_TASK DIRECTIONS_
Apart from pictures, transcribe exactly each line from the one containing "- [2费6/7] 在你刷新5次后,使酒馆中等级最高的随从变为金色。(还剩5次!)" through the final line of the listing below.

_GIVEN MATERIAL_
= Beginning of Section =

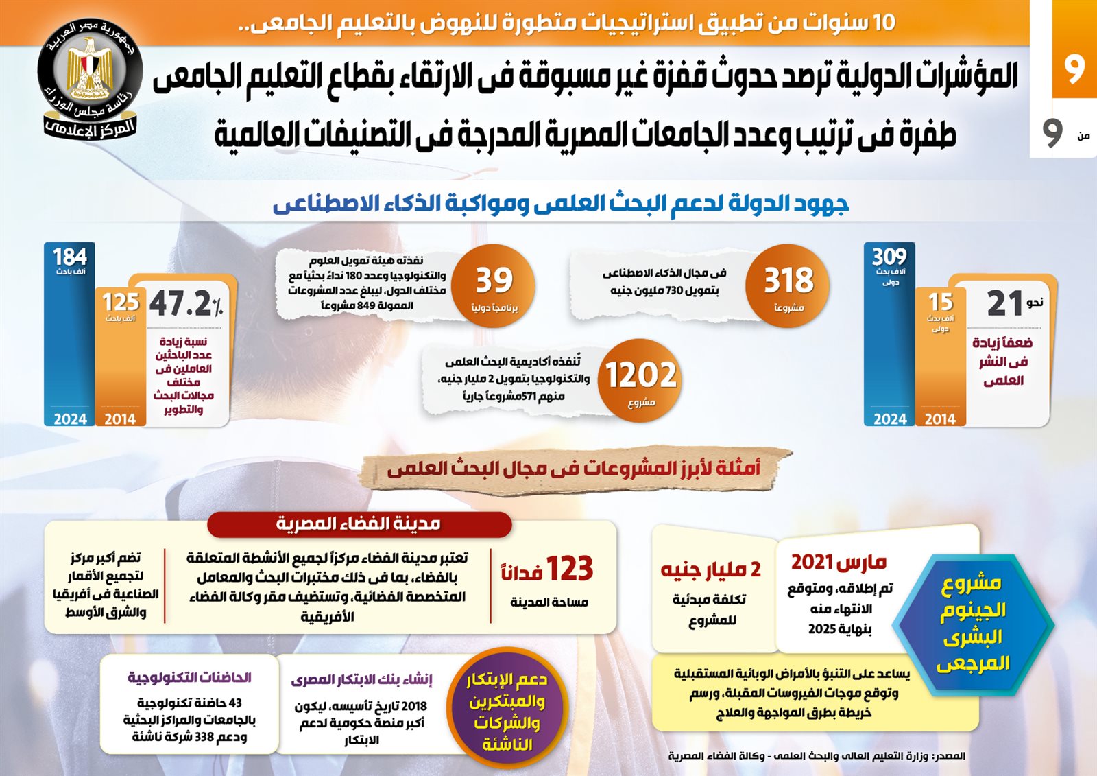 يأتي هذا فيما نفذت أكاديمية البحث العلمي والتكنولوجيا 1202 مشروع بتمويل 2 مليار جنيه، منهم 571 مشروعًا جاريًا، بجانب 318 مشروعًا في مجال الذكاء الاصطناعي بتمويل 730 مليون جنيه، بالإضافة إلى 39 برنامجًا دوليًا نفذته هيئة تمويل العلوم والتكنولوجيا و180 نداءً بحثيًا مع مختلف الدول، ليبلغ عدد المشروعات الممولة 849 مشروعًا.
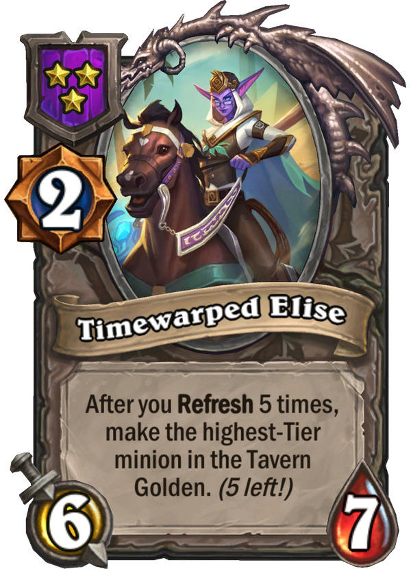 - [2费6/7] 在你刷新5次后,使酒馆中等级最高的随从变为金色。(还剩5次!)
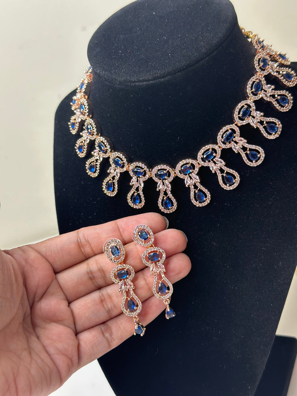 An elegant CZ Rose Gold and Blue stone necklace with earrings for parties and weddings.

= End of Section =

_ANSWER AREA_
 - [2费6/7] 在你刷新5次后,使酒馆中等级最高的随从变为金色。(还剩5次!)
 An elegant CZ Rose Gold and Blue stone necklace with earrings for parties and weddings.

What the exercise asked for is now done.